The biggest bogus lead is Moore’s idea that setting it in the UK is a cowardly move. I don’t think the setting matters much in that sense: it is so damning of the religious right and its potential that it would piss a lot of people off even if it were set on Mars. And isn’t it, in fact, more disturbing to float such an idea in light of a phoney terrorist stunt rather than the purple device of this happening after a nuclear war? The closer something seems, the more scary it gets. We all preferred to believe the Big War was never gonna happen anyway, and anything set in light of it, we had a desire to see as pure fantasy. But this… almost seems like it might be round the corner.

I’m not saying the film’s a masterpiece (nor is the comic, exactly), but conceptually it’s on pretty solid ground. The point is, if cowardice is an issue (it isn’t; quite the opposite), why didn’t Alan take a bolder stand with V and show the real situation in early ’80s Britain leading naturally to such things? He dropped a bomb on the landscape instead. He added a moderately comfortable level of separation between then and the premise… it might happen tomorrow but it felt like a thousand years away.

Of course, even without dope I can say that I share some of Moore’s paranoia, and I’d have exactly the same attitude toward people altering my ideas. So I’m a hypocrite. But it’s not my idea, so I don’t feel the need to share his annoyance. ;-)

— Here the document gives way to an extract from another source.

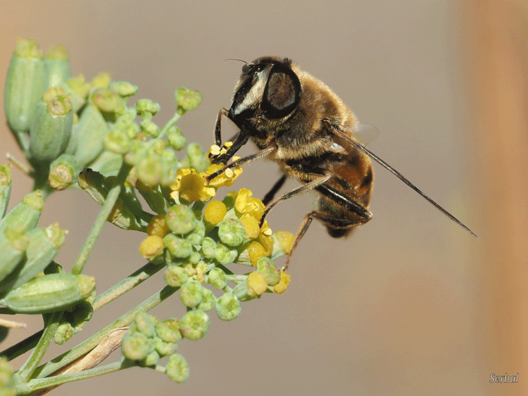 6-9 mm. Sírfido de la familia Syrphidae de distribución Holártica, repartido ampliamente por Eurasia y norte de África. Habita herbazales y praderas con abundantes flores, normalmente cerca de zonas arboladas o con arbustos, también en huertos y jardines, siempre que haya pulgones. Macho con ojos juntos, abdomen fino y largo terminado en bola (Mosca pluma) y la hembra con ojos …

…I’d add to the above a list of good and bad points…

GOOD
* Finch and his sidekick, a cop team dynamic that Moore, in his version, intended to be one of several Dr. Phibes echoes; the similarities seem even more obvious on screen.
* Hugo Weaving, on the precipice of hammery and bathos but just narrowly missing the many obvious pitfalls.
* Stephen Fry, because… hey, Stephen Fry!
* John Hurt: ditto.
* The bishop sequence. Man, that scene literally crawled off the page back in 1983. It’s lost some power as we’ve all lost a lot of innocence, but still… many of us thought it’d be cut out.
* The Valerie sequence. Some of Moore’s best writing and almost all of it’s here.
* The dominoes thing.

BAD
* The bonkers, seemingly endless stream of ‘V’ themed alliteration during V’s first speech. Like Stan Lee on heavy-duty crack.
* Mistimed opening scenes, perhaps the first 15 minutes, which I’m sure has the potential to confuse the hell out of a lot of viewers who never saw the book.
* The word ‘bollocks’ popping up a couple of times too often; the decidedly American authors used it like a new toy.
* Slo-mo action scene with V toward the climax. Thankfully the only one, so we’re mercifully spared an excess of Matrix-isms. The faux motion-blur effect looked completely rubbish.
* The missing explanation of V’s interest in growing roses and how this relates to the explosive events of some years earlier.

If I were one for marking, it’d be 8/10, all right?